The Bugatti Veyron Grand Sport 'Soleil de Nuit' is a one-off masterpiece: polished aluminium meets midnight blue on the world's fastest open roadster.

Bugatti Veyron Grand Sport 'Soleil de Nuit': One of One'

Soleil de Nuit - Sun of Night. The name is a deliberate contradiction, the kind of poetic paradox that only a French atelier could commission with a straight face and actually make work. Stand beside this particular Grand Sport and the logic becomes unexpectedly clear: the lower bodywork catches daylight in polished aluminium, throwing it back like a mirror held flat to the sky, while the upper surfaces dissolve into Black Blue Metallic - that saturated darkness that exists somewhere between midnight and the deep ocean. The underside of the rear wing is Italian Red, hidden from view unless you know to crouch and look. It is a car that reveals itself in stages, each angle offering something new, much like the desert sky it was conceived to honour. Bugatti built exactly one of these.

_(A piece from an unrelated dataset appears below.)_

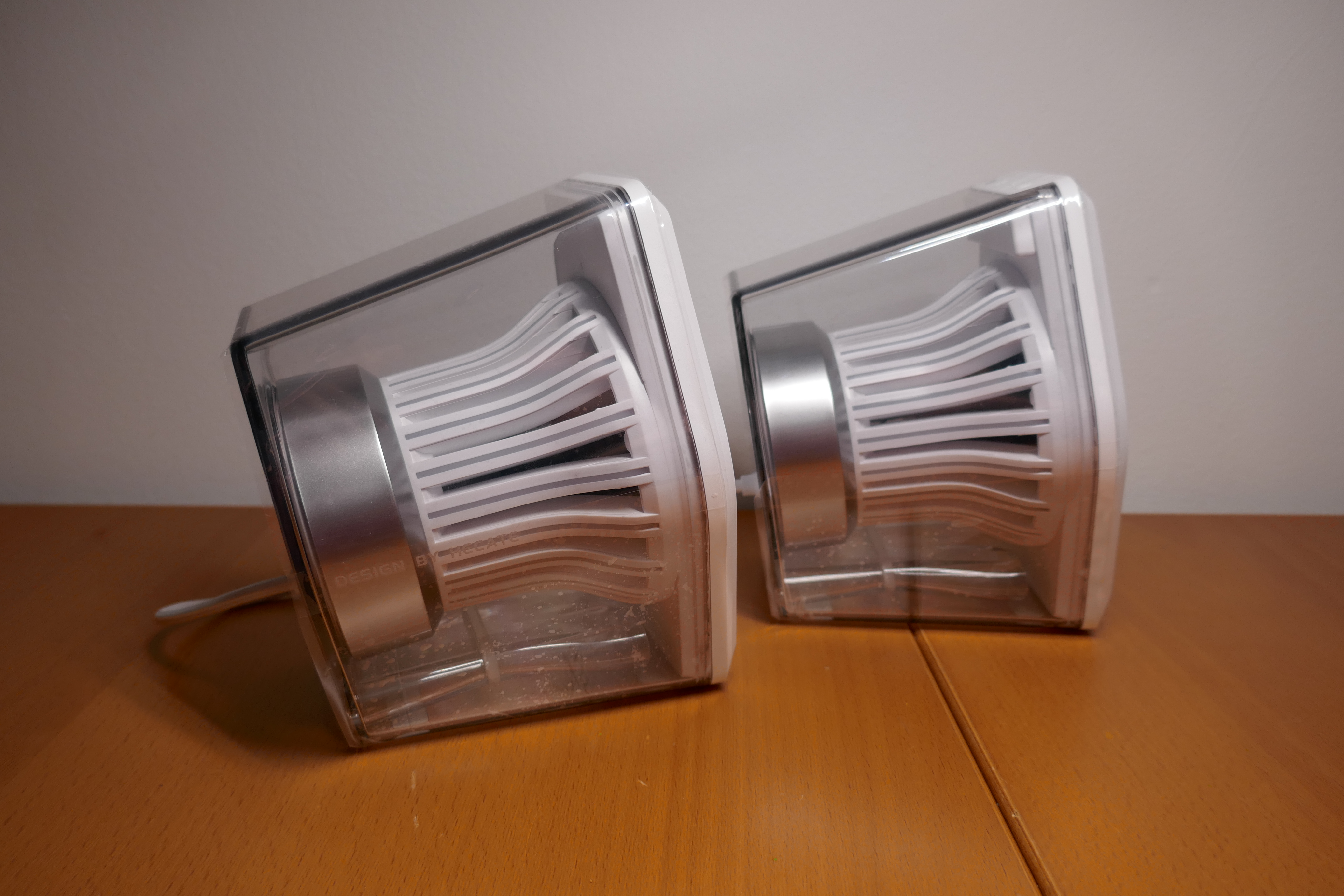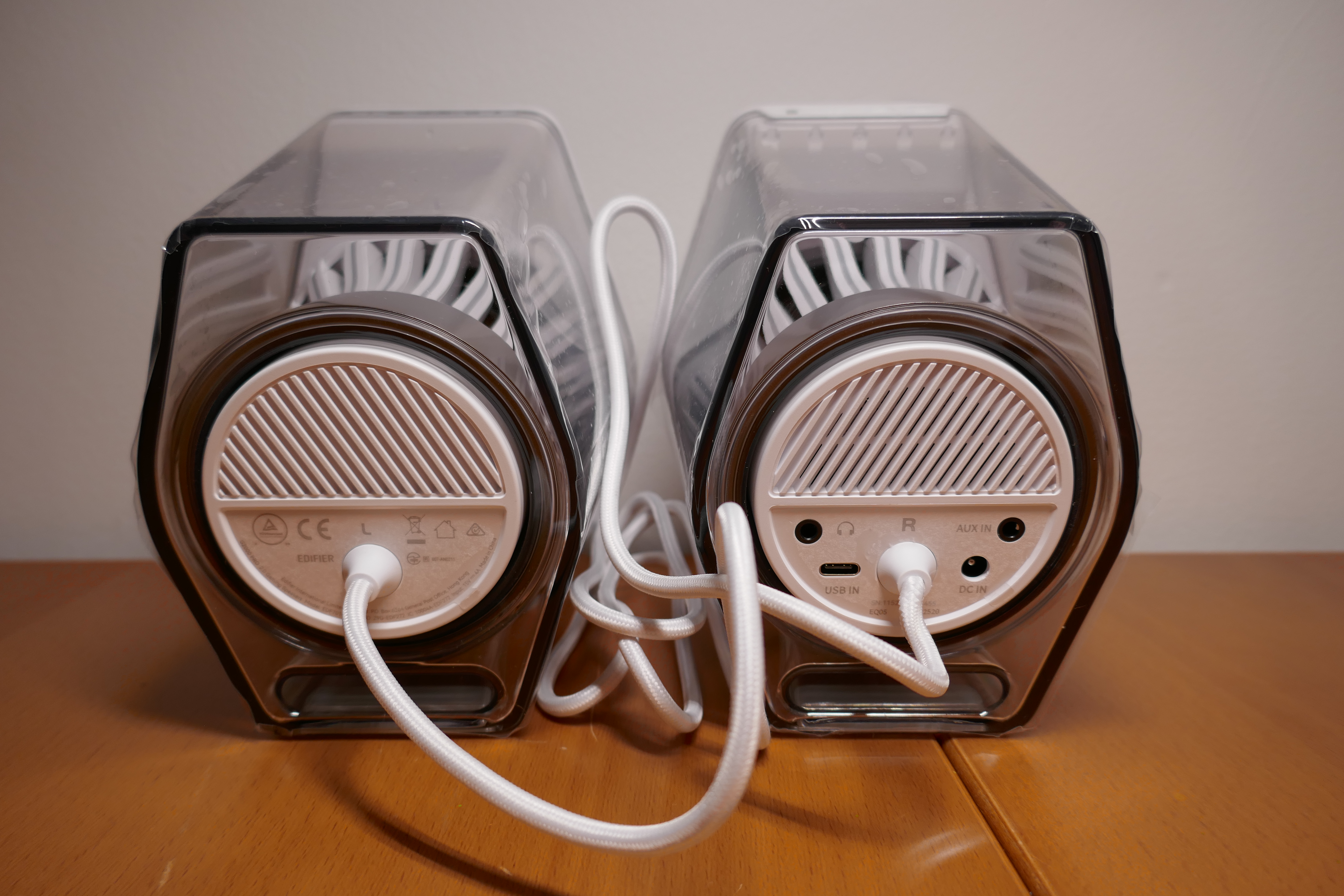 Obwohl die Grundform stark an die Edifier G2000 (zum Test) erinnert, fallen die Änderungen sofort auf. Der geschlossene, blickdichte Korpus weicht einer transparenten Variante aus Plexiglas. In deren Zentrum sitzt der Lautsprecher; von hinten betrachtet lässt sich der Treiber erahnen. Die Lautsprecher sind gewachsen und kommen nun jeweils auf 297 x 180 x 251 Millimeter, bei einem Gewicht von rund 800 Gramm pro Speaker. Zahlreiche LED-Streifen liegen am Klangkörper an und verleihen diesem einen futuristischen, für Gaming-Equipment typischen Look.

To understand why this particular car exists at all, you need to trace the Veyron's origins back to a man with an obsession rooted not in road-car bragging rights, but in the specific, wind-blasted drama of Le Mans. Ferdinand Piëch - grandson of Ferdinand Porsche and the man who would eventually chair Volkswagen Group - was Porsche's motorsport director when the 917 recorded 362 km/h along the Mulsanne Straight in period. That figure lodged in him. When a specially prepared Peugeot P88 prototype later attacked the same straight and clocked 407 km/h, Piëch had a concrete target: build a road car that eclipses it. Not faster than other road cars, specifically - faster than a Le Mans prototype. The ambition was almost deranged in its scale, and it took Volkswagen Group's vast engineering resources, a decade of development, and a reported loss of roughly €5 million on every car sold to actually deliver it. The production Veyron 16.4, revealed in 2005, hit 408.47 km/h at the Ehra-Lessien test track. Mission accomplished. Piëch got his number.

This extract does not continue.